Problem: Make an exact copy of the lines from the one containing "So, trying out" through the end of the material, including both ends but no pictures.

Dataset section:
__________________________________________________

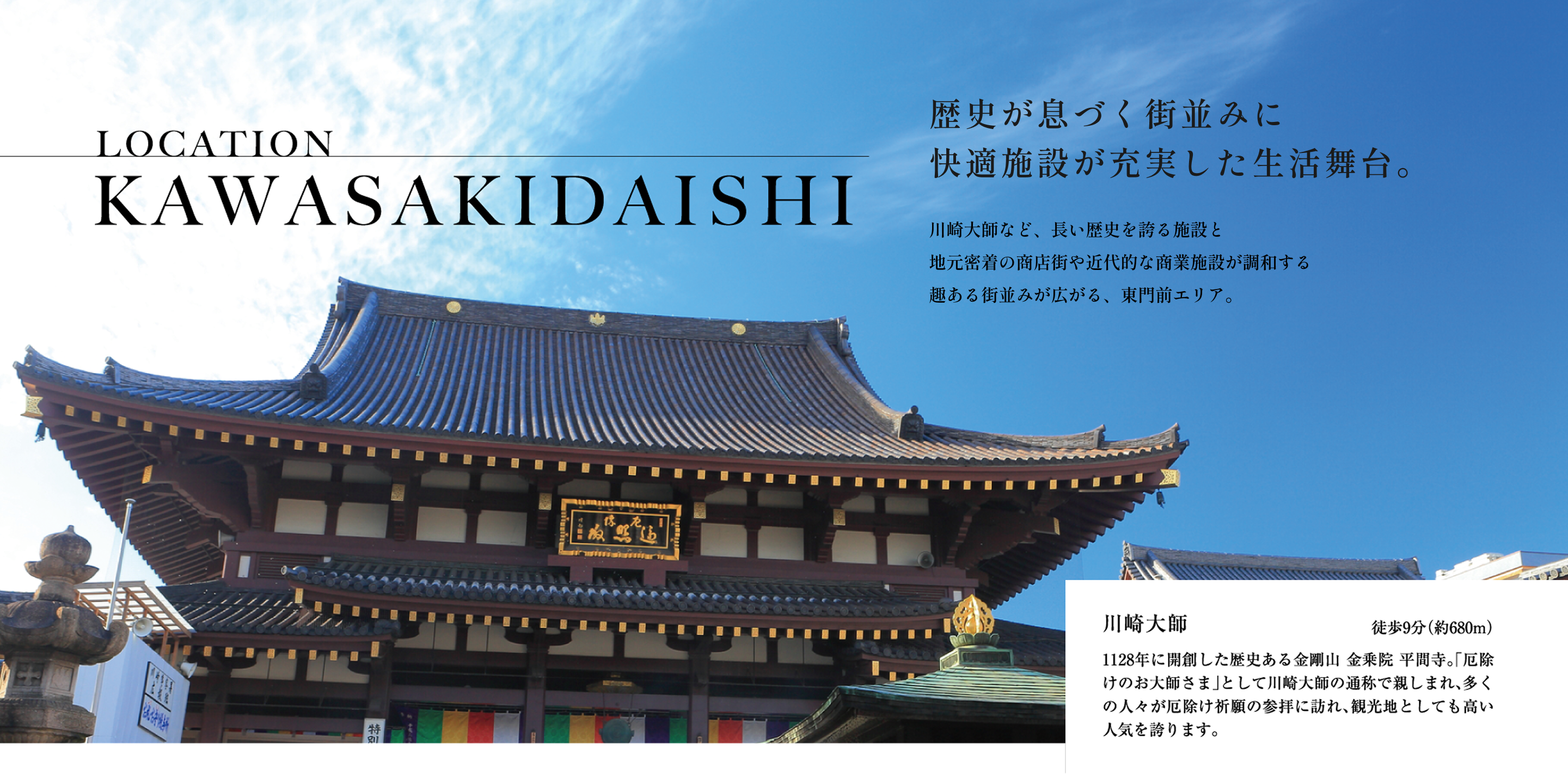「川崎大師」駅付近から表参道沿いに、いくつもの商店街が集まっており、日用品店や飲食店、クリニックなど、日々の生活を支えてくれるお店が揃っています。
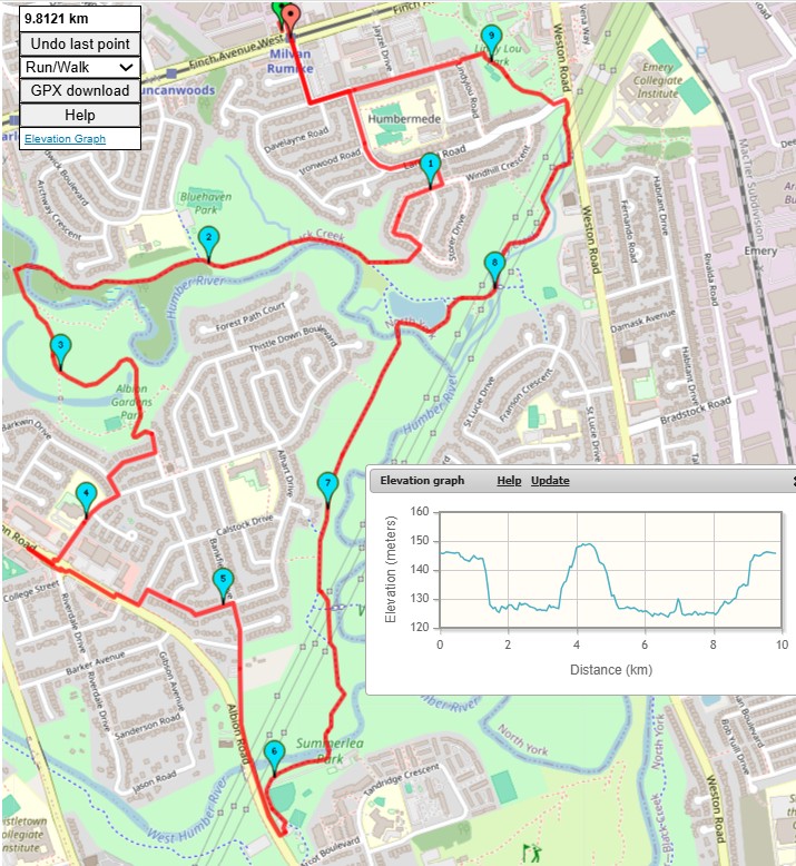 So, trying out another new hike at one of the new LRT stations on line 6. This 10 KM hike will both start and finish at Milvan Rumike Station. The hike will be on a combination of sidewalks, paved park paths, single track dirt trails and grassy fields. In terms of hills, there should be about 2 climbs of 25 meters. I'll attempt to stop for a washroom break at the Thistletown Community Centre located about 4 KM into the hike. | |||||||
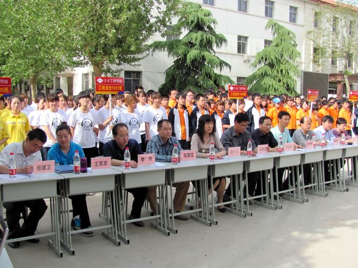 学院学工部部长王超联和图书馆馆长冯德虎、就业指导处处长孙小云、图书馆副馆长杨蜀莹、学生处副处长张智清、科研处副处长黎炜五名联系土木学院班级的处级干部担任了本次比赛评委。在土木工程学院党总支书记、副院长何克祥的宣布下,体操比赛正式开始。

__________________________________________________

Exercise output:
 So, trying out another new hike at one of the new LRT stations on line 6. This 10 KM hike will both start and finish at Milvan Rumike Station. The hike will be on a combination of sidewalks, paved park paths, single track dirt trails and grassy fields. In terms of hills, there should be about 2 climbs of 25 meters. I'll attempt to stop for a washroom break at the Thistletown Community Centre located about 4 KM into the hike. | |||||||
 学院学工部部长王超联和图书馆馆长冯德虎、就业指导处处长孙小云、图书馆副馆长杨蜀莹、学生处副处长张智清、科研处副处长黎炜五名联系土木学院班级的处级干部担任了本次比赛评委。在土木工程学院党总支书记、副院长何克祥的宣布下,体操比赛正式开始。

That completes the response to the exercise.